For the purpose of this module, the key of the encoding is a short string uniquly identifying the encoding. It is a lowercased variant of the encoding name [ENCODING].

Note that the encoding names in the Encoding Standard are not compatible with Perl Encode module's encoding names.

Encoders and decoders

There are following functions for encoding and decoding:

$bytes = encode_web_utf8 $chars

Encode the character string in UTF-8 and return the encoded bytes.

This function can be used to implement the "UTF-8 encode" operation [ENCODING].

$chars = decode_web_utf8 $bytes

Decode the bytes as UTF-8 and return the decoded character string. Any bad byte is replaced by U+FFFD characters without failure.

This function can be used to implement the "UTF-8 decode" operation [ENCODING].

$chars = decode_web_utf8_no_bom $bytes

Decode the bytes as UTF-8, not recognizing BOM, and returns the decoded character string.
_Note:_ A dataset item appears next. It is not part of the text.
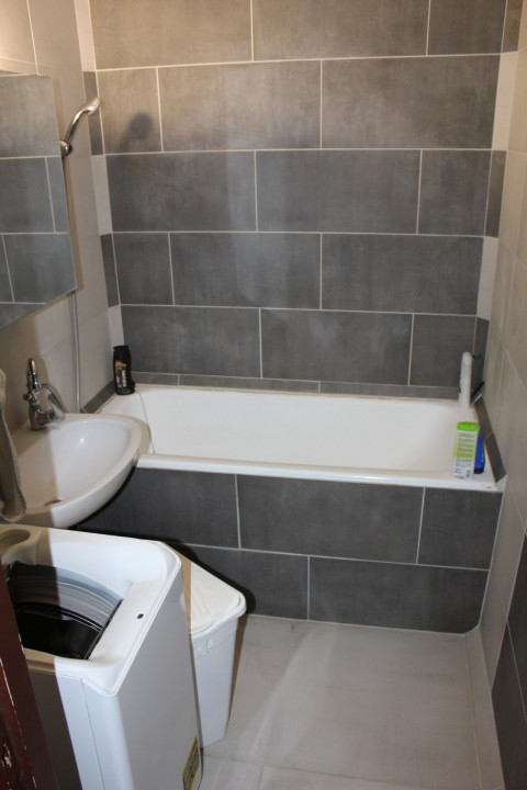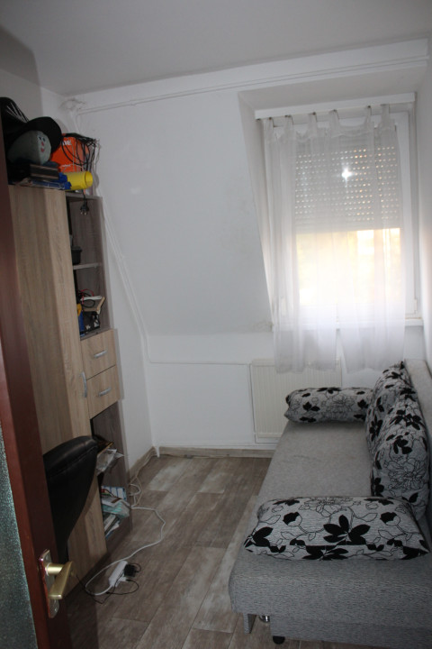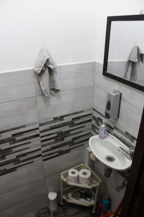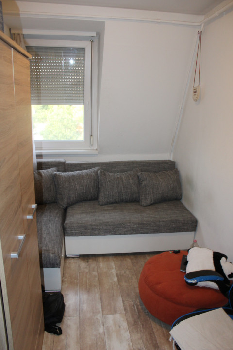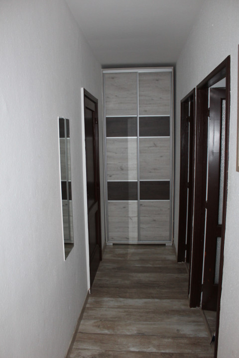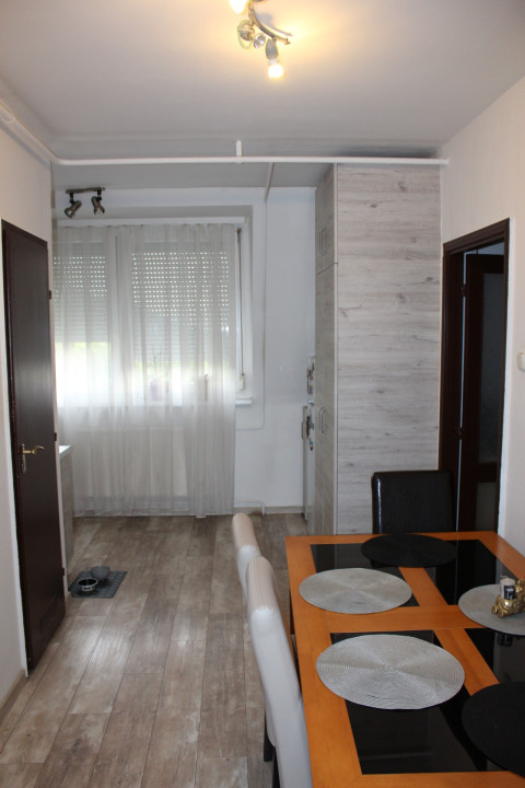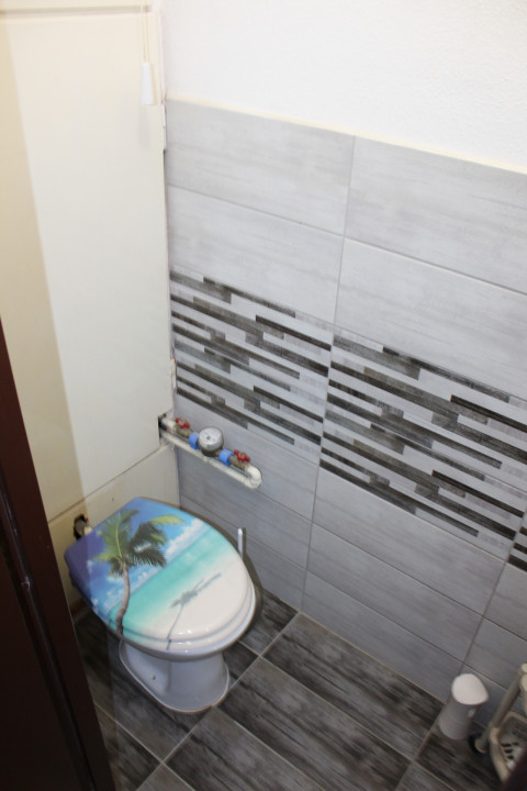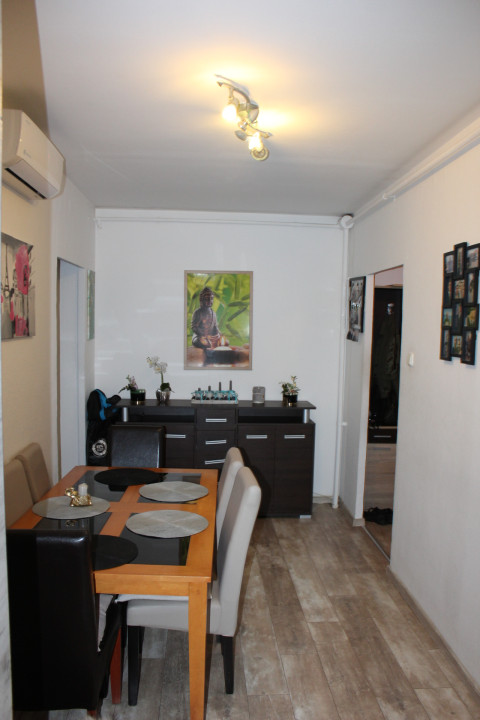 Helyiségei : előszoba + konyha, étkező + kádas fürdőszoba + nappali + 2 hálószoba + wc .

Any bad byte is replaced by U+FFFD characters without failure.

This function can be used to implement the "UTF-8 decode without BOM" operation [ENCODING].
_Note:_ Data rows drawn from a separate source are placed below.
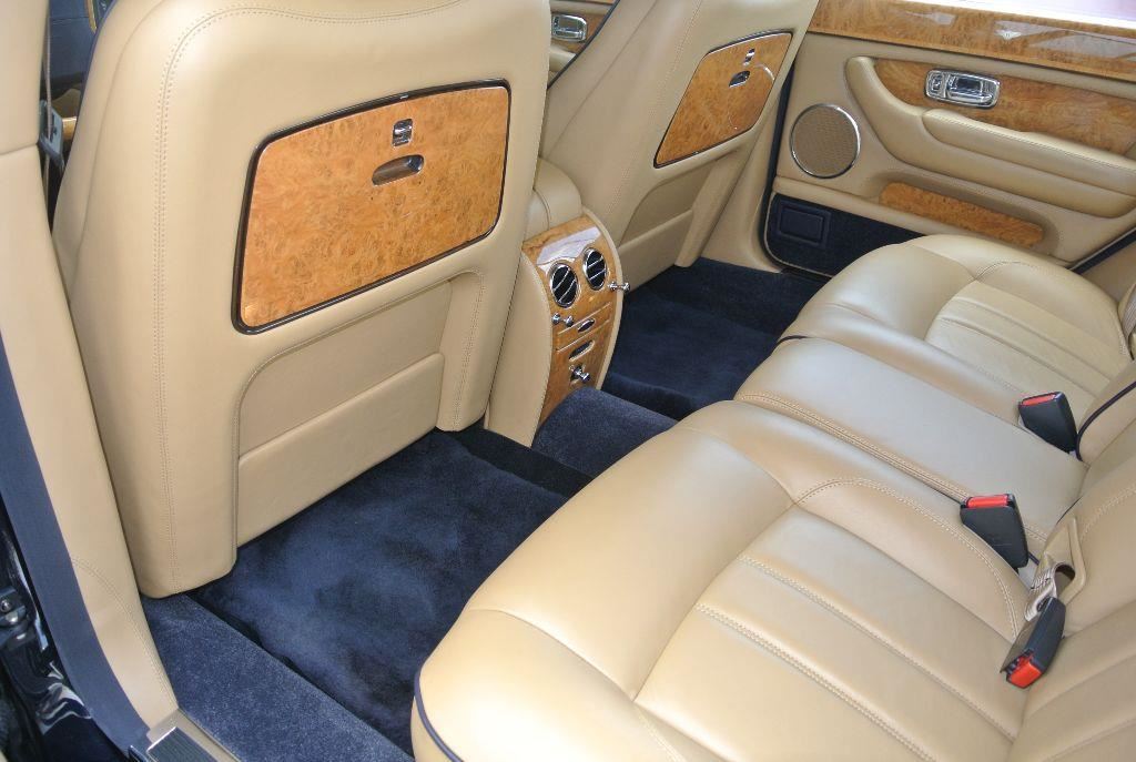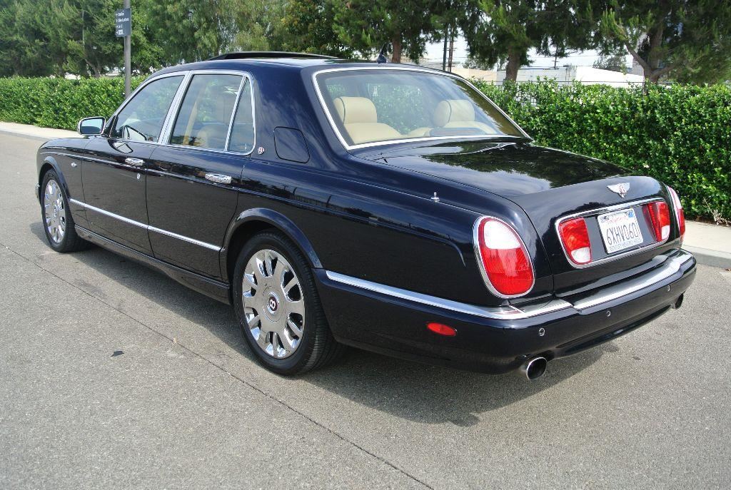 Lovely 2005 Bentley Arnage R Black Sapphire exterior with Orche leather interior and Dark Navy piping and carpets. Original Bentley Press car, and 1 owner car. Well serviced with tons of records all from the dealer since day one. Loaded with options such as: full wood veneered door panels, veneered rear vanity mirrors, Navigation, wood and leather steering wheel, chrome wheels, two umbrellas (still in the plastic) , sheepskin floor mats, sunroof, rear picnic tables, heated and power rear seats, seat piping, exterior chrome package, park sensors, manual books and so much more! Drives incredible and the coloring alone make this Arnage a true beauty! 43,684 miles. Vin # SCBLC37F85CX10840.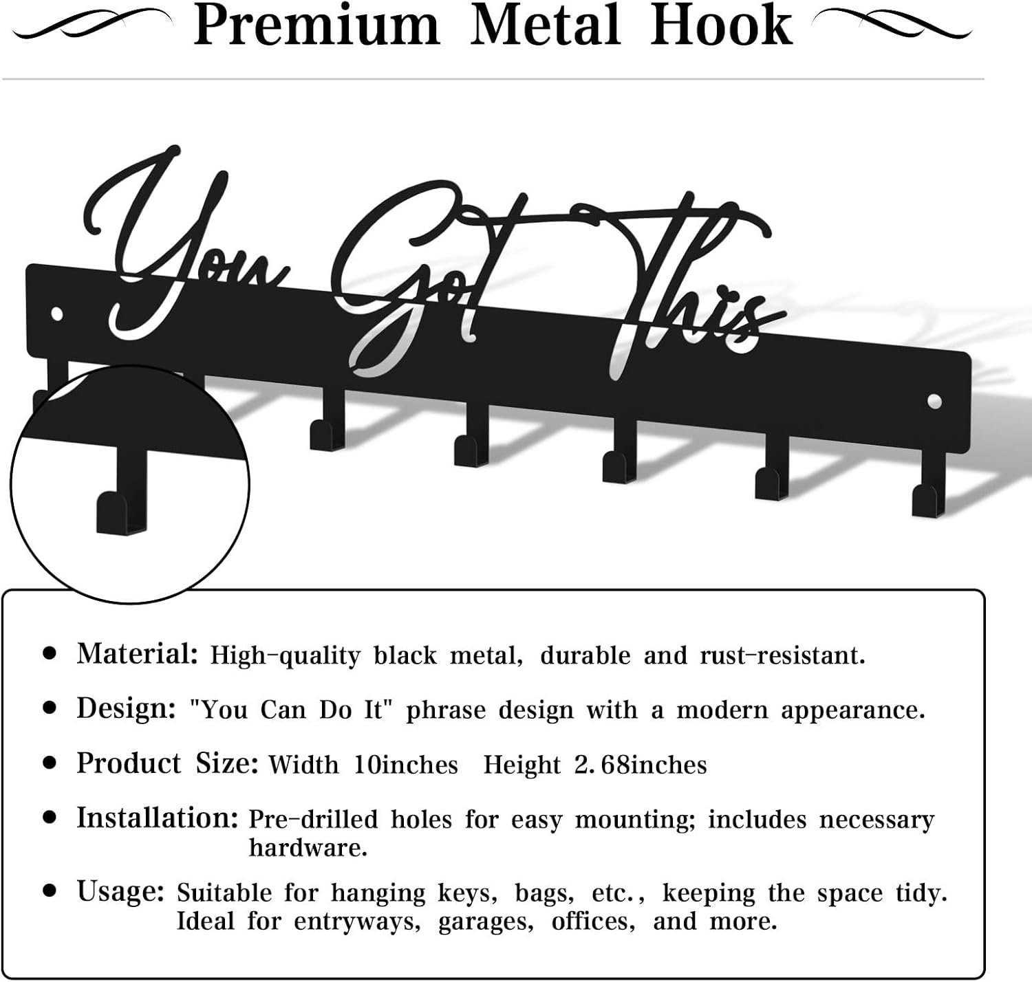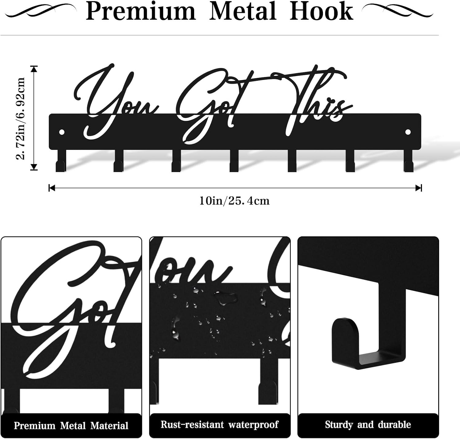 10 Inch Key Holder for Wall, Black Metal House Decoration Key Hooks, Phrase Style(You got This), Key Hanger Organizer with 7 Hooks, Suitable for Doors, Corridors, Living Rooms, Bedrooms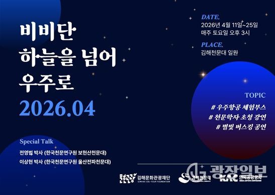 행사는 김해천문대 일원에서 진행되며, ▲우주항공 체험부스 ▲천문학자 초청 강연 ▲별빛 버스킹 공연 등으로 구성된다.

$bytes = encode_web_charset $key, $chars

Encode the character string and return the encoded bytes.

The first argument must be the key of the encoding used to encode the string.
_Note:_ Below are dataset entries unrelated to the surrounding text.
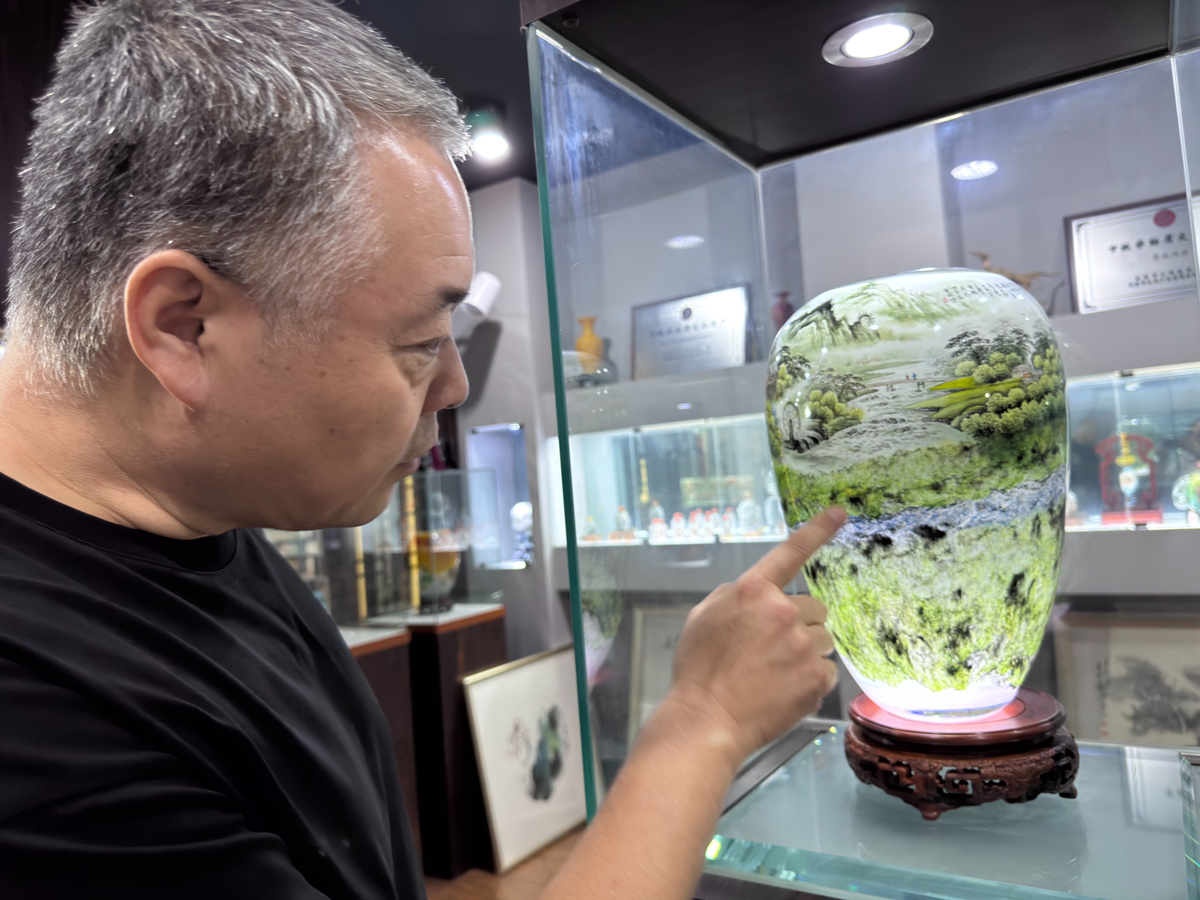如果说父亲的艺术重在“守”,张鹏身上则更多“破”的意味。他不仅继承了传统技巧,更在材质与题材上大胆创新,把琉璃烧制工艺与内画结合,首创“多彩琉璃内画瓶”。晶莹剔透的琉璃瓶身,与细腻精巧的画面相映成趣,传统技艺因此焕发出现代气息。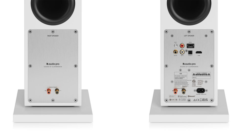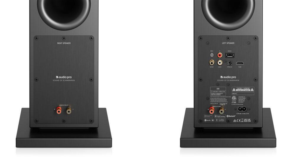 Audio Pro A38 har et imponerende antal tilslutningsmuligheder i forhold til prisen. Der er indgange for analog stereo RCA, optisk TosLink og HDMI. Og en RCA-udgang til subwoofer.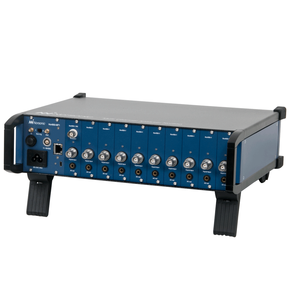 The Nor850-MF1 rack is delivered with a selectable number of measurement channels, and may be upgraded with additional channels as the needs grow. Multiple racks may be used in the same system alternatively in a mix with Nor140 or Nor150 Sound level meters as additional frontends. Optionally, selected channels may be fitted with signal generator outputs.

Any character not representable in the encoding is converted to an HTML decimal character reference for the character.

This function can be used to implement the "encode" operation with error mode html [ENCODING] [ENCODING16].

$chars = decode_web_charset $key, $bytes

Decode the bytes and return the decoded character string.

The first argument must be the key of the encoding used to decode the bytes.

Any bad byte is replaced by U+FFFD characters without failure.

This function is equivalent to the following code using Web::Encoding::Decoder:

  $decoder = Web::Encoding::Decoder->new_from_encoding_key ($key);
  $decoder->ignore_bom (1);
  return $decoder->bytes ($bytes) . $decoder->eof;
[$name, $name, ...] = encoding_names

Return the list of the encoding keys (i.e. the lowercase variants of the encoding names), as an array reference.

In addition to UTF-8, following legacy encodings are supported: IBM866 ISO-8859-2 ISO-8859-3 ISO-8859-4 ISO-8859-5 ISO-8859-6 ISO-8859-7 ISO-8859-8 ISO-8859-8-I ISO-8859-10 ISO-8859-13 ISO-8859-14 ISO-8859-15 ISO-8859-16 KOI8-R KOI8-U macintosh windows-874 windows-1250 windows-1251 windows-1252 windows-1253 windows-1254 windows-1255 windows-1256 windows-1257 windows-1258 x-mac-cyrillic gb18030 GBK Big5 EUC-JP ISO-2022-JP Shift_JIS EUC-KR x-user-defined UTF-16BE UTF-16LE replacement

SPECIFICATIONS

ENCODING

Encoding Standard <https://encoding.spec.whatwg.org/>.

ENCODING16

UTF-16 encoder <https://github.com/whatwg/encoding/commit/8360f775c8df145f649047c7d59c5ff733ade112>.

HTML

HTML Standard <https://html.spec.whatwg.org/>.

DOM

DOM Standard <https://dom.spec.whatwg.org/>.

ENCVALID

Encoding Validation <https://wiki.suikawiki.org/n/Encoding%20Validation>.

DEPENDENCY

The module requires Perl 5.8 or later.

AUTHOR

Wakaba <wakaba@suikawiki.org>.

LICENSE

Copyright 2011-2018 Wakaba <wakaba@suikawiki.org>.

This library is free software; you can redistribute it and/or modify it under the same terms as Perl itself.